Task instructions: Keep every word of the listing and drop the images when you write it out.
======== Exercise input ========
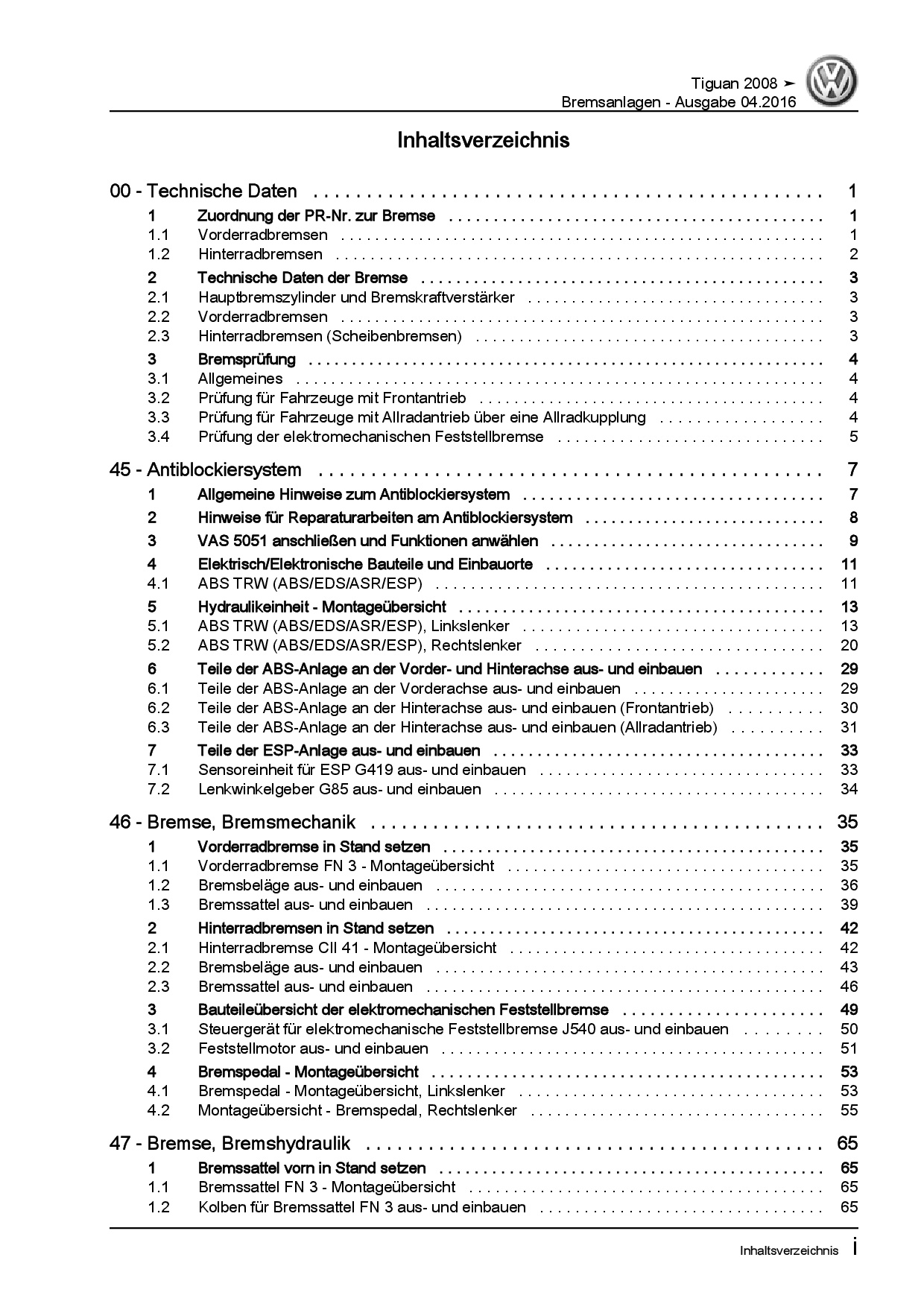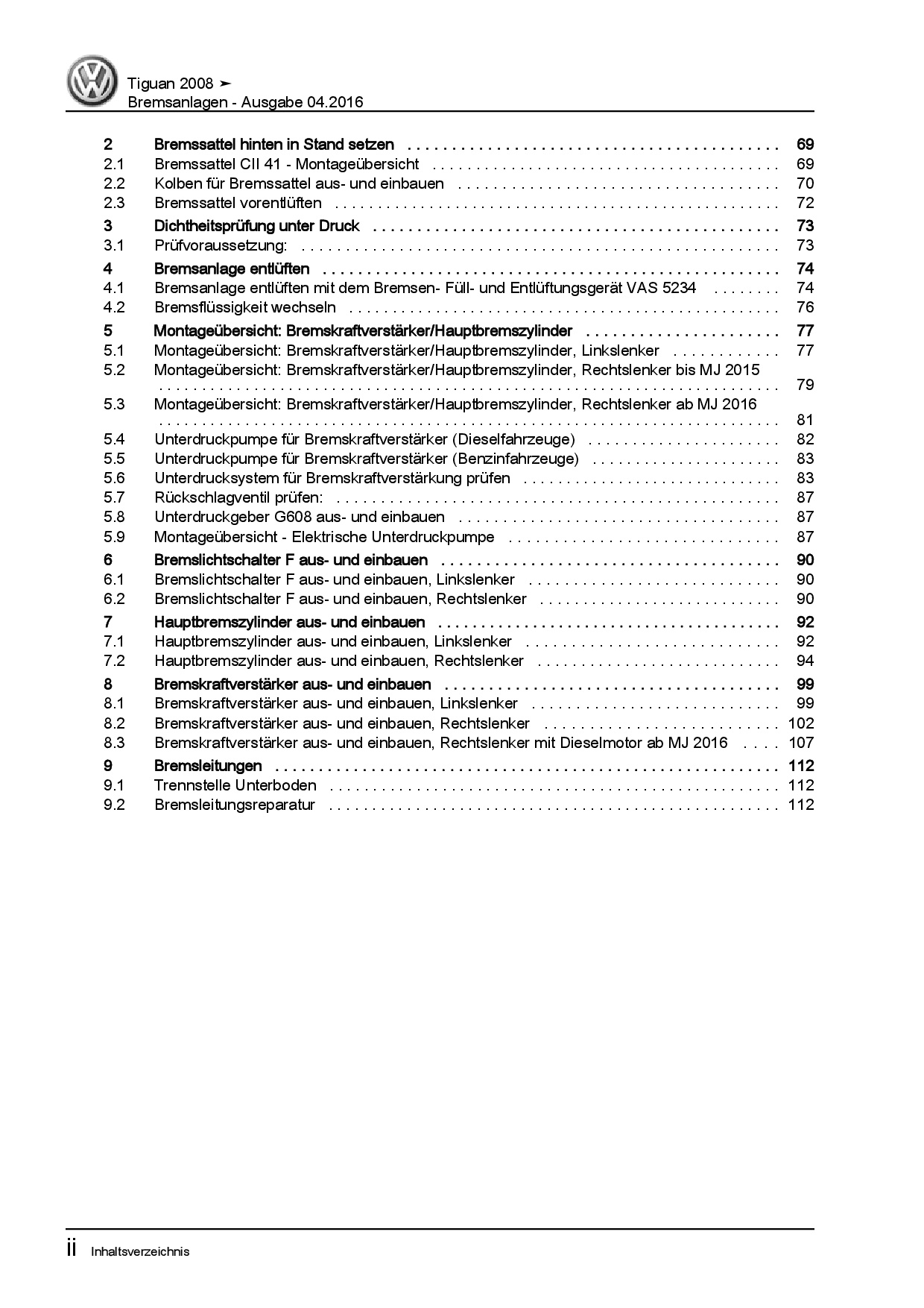 VW Tiguan Typ 5N 2007-2016 Bremsanlagen Bremsen System Reparaturanleitung
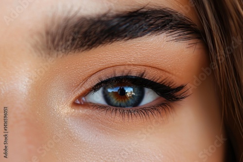 © Thanapong, Obraz premium Bold winged eyeliner makeup tutorial close-up shot of eye beauty content focused on makeup techniques intimate environment artistic viewpoint for stunning visual appeal
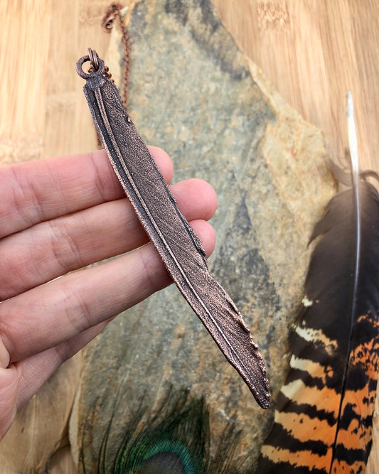 Embrace the beauty of bird jewelry with my Real Feather Necklace Collection. Featuring real feathers, ethically sourced by my own hand and preserved through the delicate process of copper electroforming. Then finished with an antique copper patina giving them a rustic ancient look.
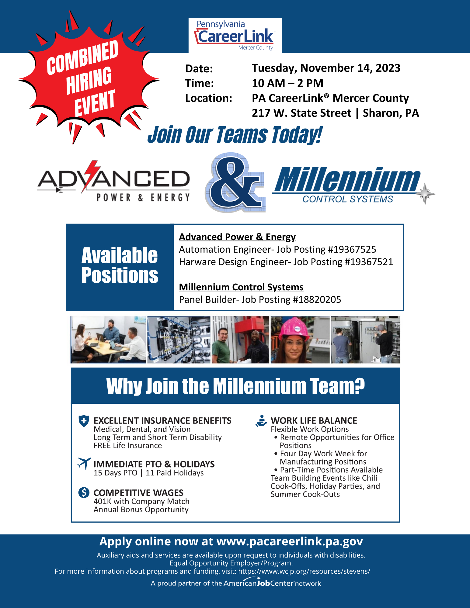 Hiring Event Tuesday, November 14, 2023 10:00 AM 2:00 PM PA CareerLink 217 West State Street Sharon, PA, 16146 United States (map) Google Calendar ICS
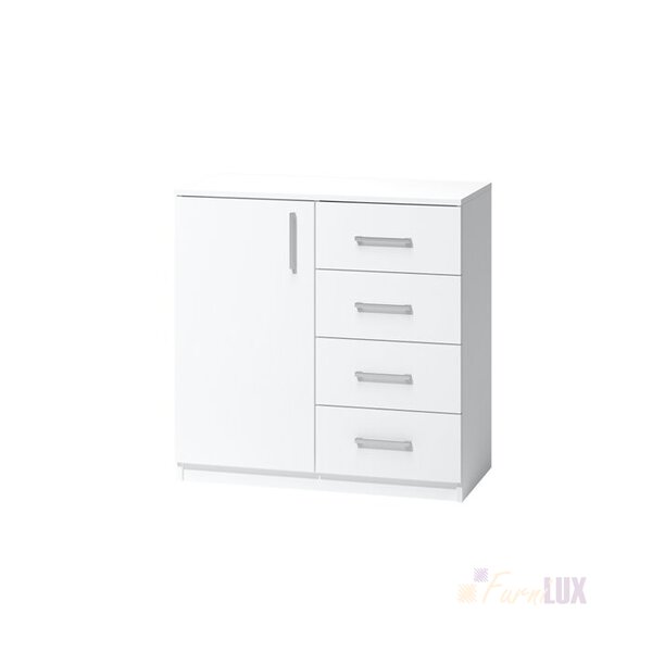 Komoda "Glomo" to mebel charakteryzujący się ciekawym designem. Szafka posiada cztery pojemne zamknięte szuflady oraz jedne drzwi otwierzane. Komoda jest meblem wielofunkcyjnym zarówno do pokoju dla dziecka, garderoby, salonu, przedpokoju lub pokoju młodzieżowego.
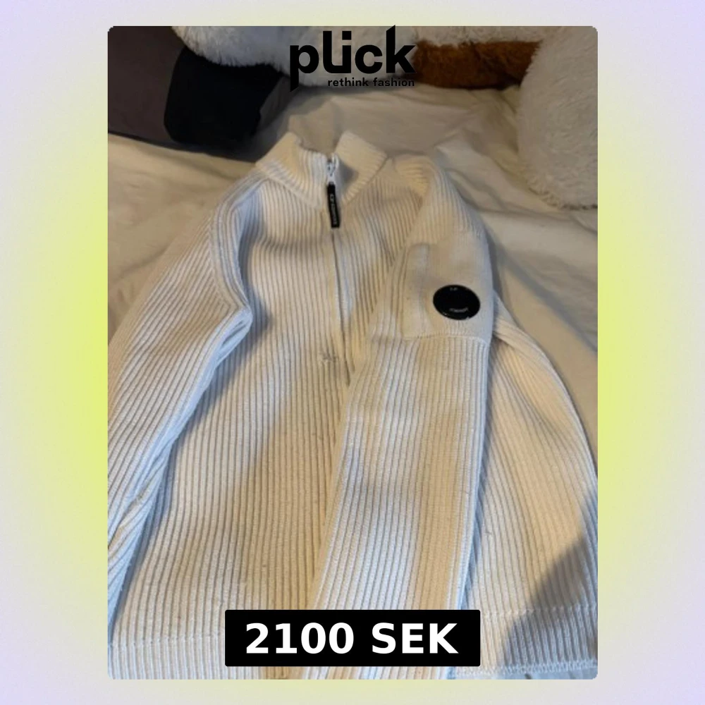 Ny pris 2,7 det va rea Säljer en vit ribbstickad kofta från C.P. Company perfekt i vintern med dragkedja framtill och deras ikoniska linsdetalj på ärmen. Koftan har hög krage och är långärmad, perfekt för lager-på-lager. Materialet är mjukt och stickat, vilket ger en clean och modern look. Har ett lite defekt skriv så skickar jag
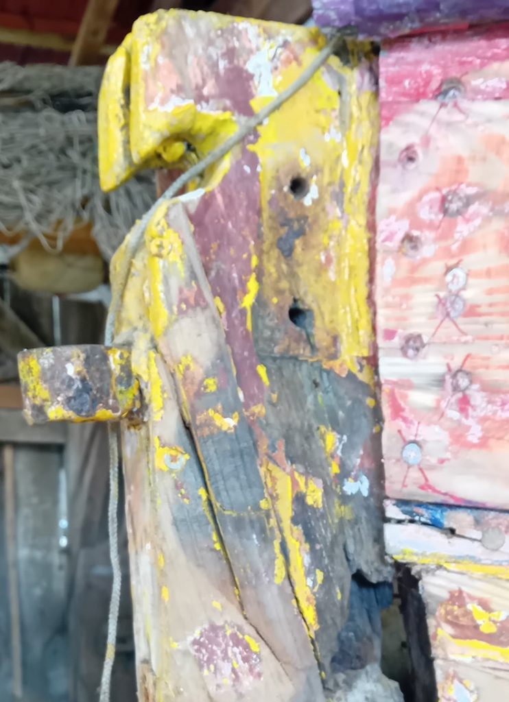 on cherche l’emplacement des anciens clous, on décape la vieille peinture pour voir l’état du bois, on retire le brai( goudron) pour laisser passer l’axe…
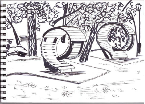 Если идти к Волге по Полевой, то мы увидим с левой стороны, скверик с обновленными лавочками и странными инсталляциями, отдаленно напоминающими салон трамвая.
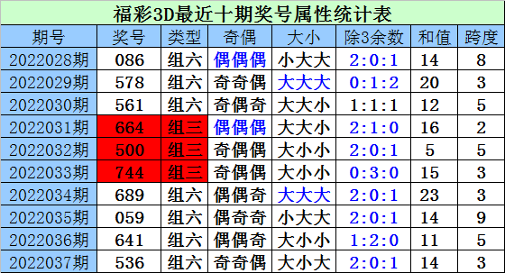 038期财迷福彩3D预测奖号:奇偶比大小比
========
Solved exercise:
 VW Tiguan Typ 5N 2007-2016 Bremsanlagen Bremsen System Reparaturanleitung
 © Thanapong, Obraz premium Bold winged eyeliner makeup tutorial close-up shot of eye beauty content focused on makeup techniques intimate environment artistic viewpoint for stunning visual appeal
 Embrace the beauty of bird jewelry with my Real Feather Necklace Collection. Featuring real feathers, ethically sourced by my own hand and preserved through the delicate process of copper electroforming. Then finished with an antique copper patina giving them a rustic ancient look.
 Hiring Event Tuesday, November 14, 2023 10:00 AM 2:00 PM PA CareerLink 217 West State Street Sharon, PA, 16146 United States (map) Google Calendar ICS
 Komoda "Glomo" to mebel charakteryzujący się ciekawym designem. Szafka posiada cztery pojemne zamknięte szuflady oraz jedne drzwi otwierzane. Komoda jest meblem wielofunkcyjnym zarówno do pokoju dla dziecka, garderoby, salonu, przedpokoju lub pokoju młodzieżowego.
 Ny pris 2,7 det va rea Säljer en vit ribbstickad kofta från C.P. Company perfekt i vintern med dragkedja framtill och deras ikoniska linsdetalj på ärmen. Koftan har hög krage och är långärmad, perfekt för lager-på-lager. Materialet är mjukt och stickat, vilket ger en clean och modern look. Har ett lite defekt skriv så skickar jag
 on cherche l’emplacement des anciens clous, on décape la vieille peinture pour voir l’état du bois, on retire le brai( goudron) pour laisser passer l’axe…
 Если идти к Волге по Полевой, то мы увидим с левой стороны, скверик с обновленными лавочками и странными инсталляциями, отдаленно напоминающими салон трамвая.
 038期财迷福彩3D预测奖号:奇偶比大小比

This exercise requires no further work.